This post is part one of two.
Popular games are often used by malware writers as social engineering bait as documented in previous blogs (“Dota Players Own3d” and “Keeping Kerrigan From Infection“). So, with a watchful eye for anything related to games used as an infection vector, we came across a couple of interesting files:
These files noted as being available through different torrent/file sharing websites.
The first file we found refers to Defense of the Ancients (DotA) 2, which is an update for the popular custom scenario map DotA for Warcraft III : The Frozen Throne. The second refers to Diablo III. Although the official release date for both games is still in 2012, beta versions are available for testers. However, the curiosity for these games seems to lead to other dangers, like in the wilderness of Diablo II (released in 2000 – more than a decade ago!). We played the previous versions of both Diablo and DotA, with and against each other (during our free time of course ).
The “fun” begins once the Pontoeb malware is executed. Pontoeb gathers power through obtaining information from the infected system, which it then sends back to a remote attacker. The information is gathered through a WMI query that retrieves data such as SerialNumber, SystemDrive, Operating system and processor architecture.
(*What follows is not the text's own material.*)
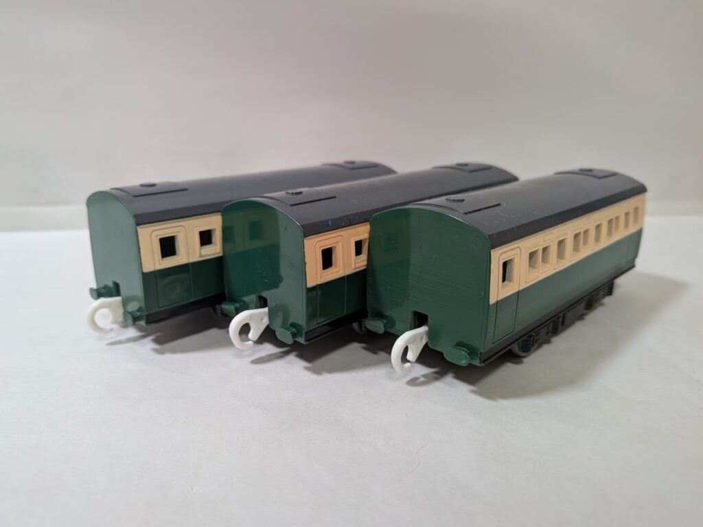 In Thomas & Friends, the Red Express Coaches are generally used for other fast trains, but occasionally used for the Express. The models of these coaches in the show were based on the Southern Railway Maunsell coaches without corridors.

But its ultimate goal is to morph the infected system into a zombie. It installs a backdoor where an attacker connects to in order to control the infected system and execute certain commands (for example, download a file, update itself, visit a website, and perform HTTP, SYN, and UDP flooding). A detailed description of what the malware does can be found in its encyclopedia description.
The second sample, Fynloski, which mimics the Diablo icon, is a remote access tool (RAT) that is used for malicious purposes, as outlined by our colleague Daniel here.
Figure 1: icon used by Fynloski
It’s basically a backdoor trojan that gains access to almost all the resources and information in your computer; for example, it can log keystrokes, download and run arbitrary files, and disable security settings. More details about Fynloski are available in its encyclopedia description. But what really got our attention was the obfuscation technique that it uses, which we will discuss in our next post.
If you’re running Microsoft Security Essentials, you’re protected against these threats like you would be in Diablo if you have a Blade Barrier. And of course, if you want to continue enjoying your video games in a secure environment, please visit the official DotA and Diablo websites for the actual beta versions.
As always, enjoy playing and be vigilant! GG (Good Game) everyone!